If Internet Provider X carries BS Artist Y’s lies, Provider X is not responsible for what Customer Y said.
But what Germany just said, essentially, is the Google’s chatbot lies are Google’s problems. It’s not third party speech. It’s Google’s speech.
If American courts were to rule similarly, or if Congress made that the law of the land, all the LLM providers would be in deep, deep trouble. Because essentially all their software has a tendency to fabricate fairly regularly and even defame people and to sometimes give bad medical information, and so on. In Taming Silicon Valley, I wrote about one such case, a prominent law professor who was accused of sexual harassment by an LLM when in fact the whole thing was just an LLM fabrication, not based at all in fact.
Imagine if Google, and OpenAI, and Anthropic, and Microsoft, xAI, and so on, were held liable for the garbage their systems sometimes produce.
It might actually force the tech industry to get its act together, to try to find a sounder foundation for AI, in which hallucinations weren’t baked in.
In the long run, we would all be vastly better off.
Update I was about to post this, AI law expert Ryan Calo hinted at the same thing in a reply to me on X.
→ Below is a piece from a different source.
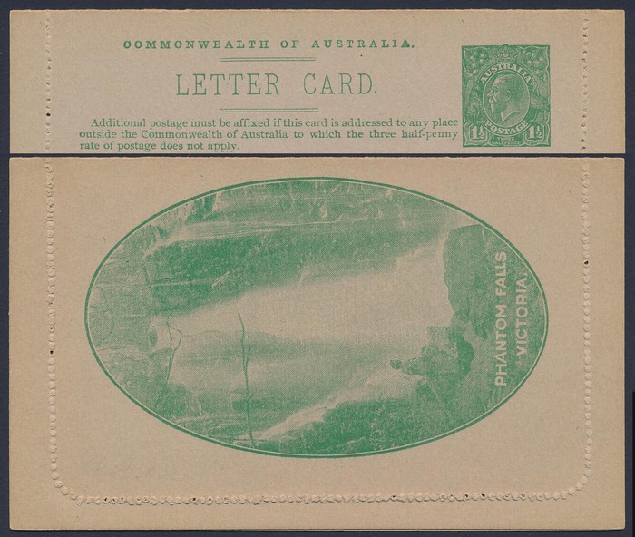 KGV 1½d green, perf 12½, view Trentham Falls. VFU. ACSC LC51(134) cat $500. (P) (Image1) (Image2)
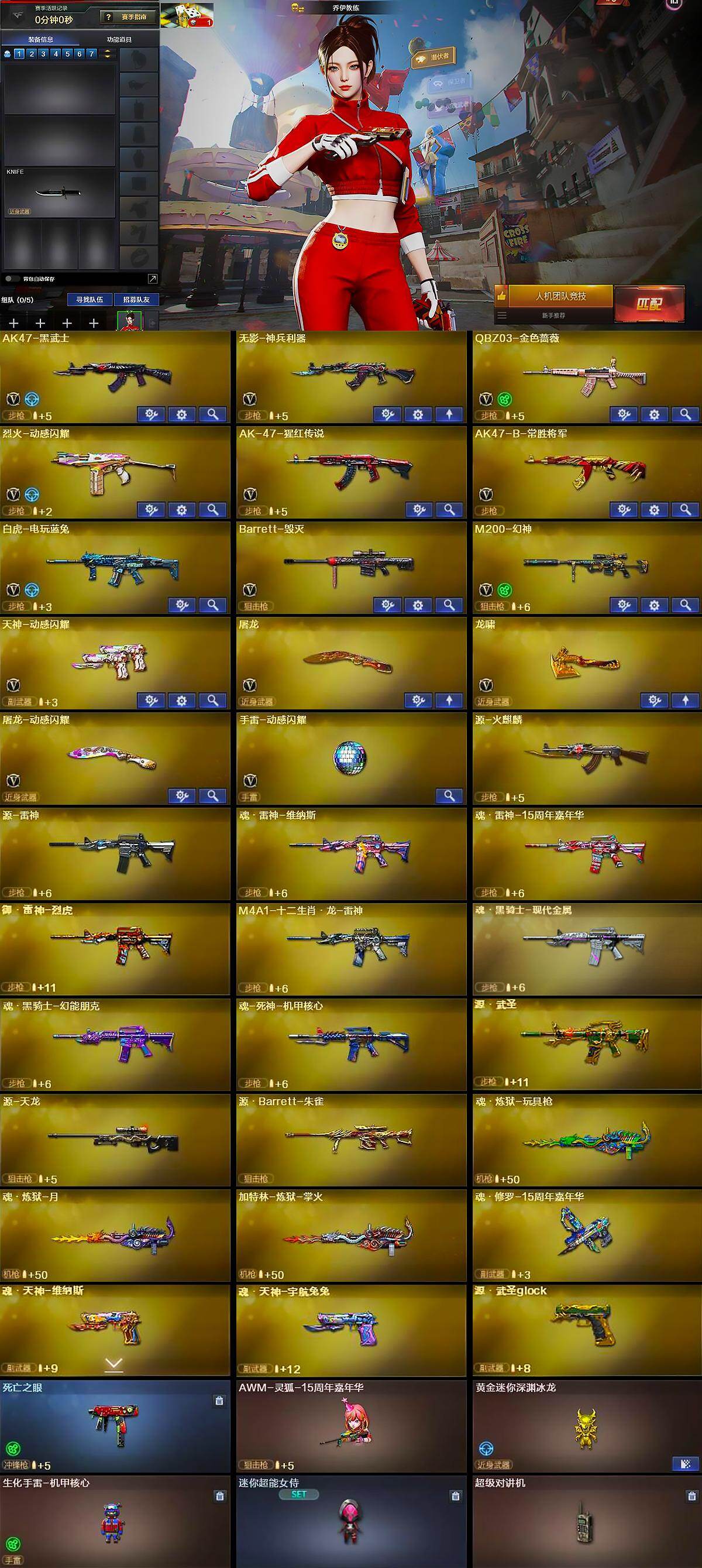 - [12943464]湖南一区-82V-5王者-0炫金 【热门武器】:QBZ03-金色蔷薇,死亡之眼,金色小号,C.A.T,Cat-刀锋,M4A1-黑骑士*3,汤姆逊-烈龙*9,RPK-盘龙,加特林-炼狱*4,沙鹰-修罗*6 【王者炫金武器】:超新星-悦享*2,天启-悦智,王者之翼,玫瑰精灵-悦动 【稀有皮肤】:幻神-周瑜皮肤,雷神-能量核心,火麒麟-心动糖果,毁灭-黑大圣皮肤,天龙-能量核心,无影耀金皮肤,修罗-星空,屠龙-荣耀之锋 【角色】:零-水下丽影,零,葵,樱,铁骑荣耀 【人偶武器】:M4A1-刀锋,C.A.T,Cat-刀锋,迷你深渊冰龙,灵狐娃娃手雷,生化手雷-机甲核心,闪光弹-小乔 【暴走生化】:死亡之眼 【挑战大师】:神圣爆裂者III,神圣爆裂者-末日III,激光毁灭者III,AK47-冰龙粉碎者,冰龙粉碎者-白马银枪 【英雄级武器】:M4A1-武圣,QBZ03-金色蔷薇,无影-神兵利器,M4A1-雷神*2,M4A1-黑龙*2,M4A1-玫瑰精灵,M4A1-黑骑士*3,M4A1-死神,RPK-盘龙,加特林-炼狱*4,汤姆逊-烈龙*9,AK47-麒麟,AK47-无影,AK47-火麒麟*3,AK47-黑武士,AK12-天启,AN94-超新星,AWM-天龙*4,Barrett-毁灭*2,Barrett-极光,AK47-机械迷城,QBZ03-天罚,AK47-黑鲨*2,M4A1-千变,AK-47-猩红传说*6,AK47-B-战神,沙鹰-天神*6,沙鹰-修罗*6,麒麟刺*2,擎天*2,龙啸,屠龙*7 【特殊枪械】:3黑骑士,6烈龙,1盘龙,4炼狱

Some other under-oath lies from Altman that day in the Senate include his promise that artists and writers would be compensated for the work, and have control over it, that he hoped that the government would regulate AI, and that he had no financial interest in OpenAI beyond his health insurance, omitting mention of the equity he indirectly held via YCombinator, as well as ownership in a venture fund tied to OpenAI, and various other conflicts that came to light in the Musk-OpenAI lawsuit.
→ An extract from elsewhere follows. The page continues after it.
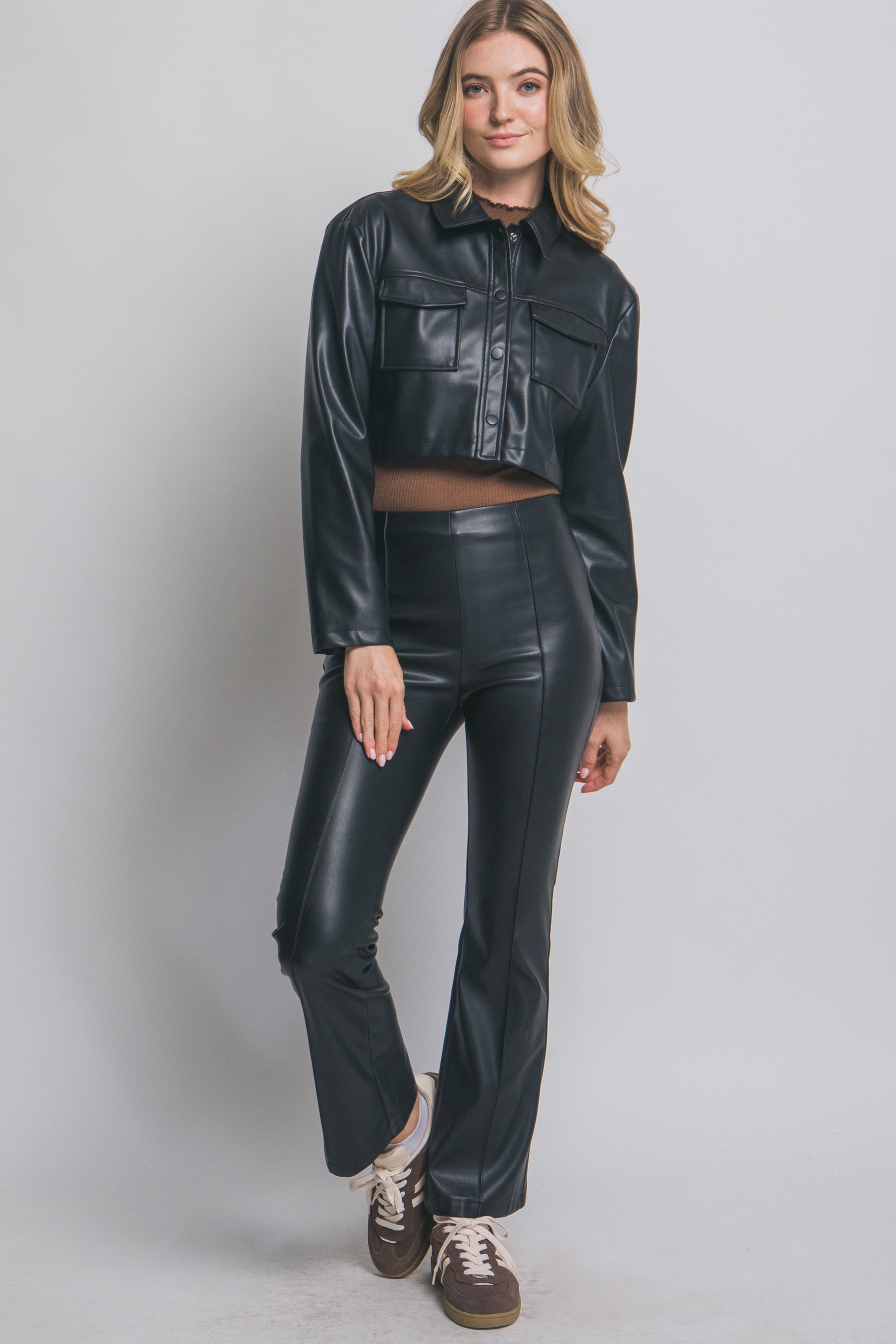 Eleva tu outfit con esta chamarra estilo crop confeccionada en piel sintética de alta calidad. Su diseño moderno incluye dos bolsillos frontales, botones al tono y un ajuste cómodo que se adapta perfecto a cualquier look. Ideal para combinar con jeans, pantalón de vestir o leggings para un estilo urbano y sofisticado.

Section 230 would have been fine if narrowly, instead of maximally, interpreted.
There is always going to be some offense jockey looking for a way to peddle feigned outrage into a tidy profit. Without Section 230 we would be flooded by endless frivolous lawsuits over everything ever posted anonymously in a comment section, as I am doing right now. Most of these would fail on merits, but the financial burden of defending against them would make it nearly impossible to profitably run internet infrastructure at any level.
I'm open to a better solution to the same problem. And certainly it shouldn't shield service providers from their own content and editorial choices, whether human or algorithmic. That was an unfortunate interpretation of the law from the start. But I don't think we can do away with it unless we come up with a viable replacement in the process. Or, can burn the internet down. That would be fine I guess.
Section 230 is one the most misunderstood and misrepresented laws. It has never been about blanket liability for platforms. It only applies to 3rd party (user) content posted to the platform. It allows platforms to moderate content as it is reported, which takes time. Moderating at scale is impossible. A platform simply cannot knowingly ignore user criminal/illegal content and use section 230 as a shield, that’s not how it works.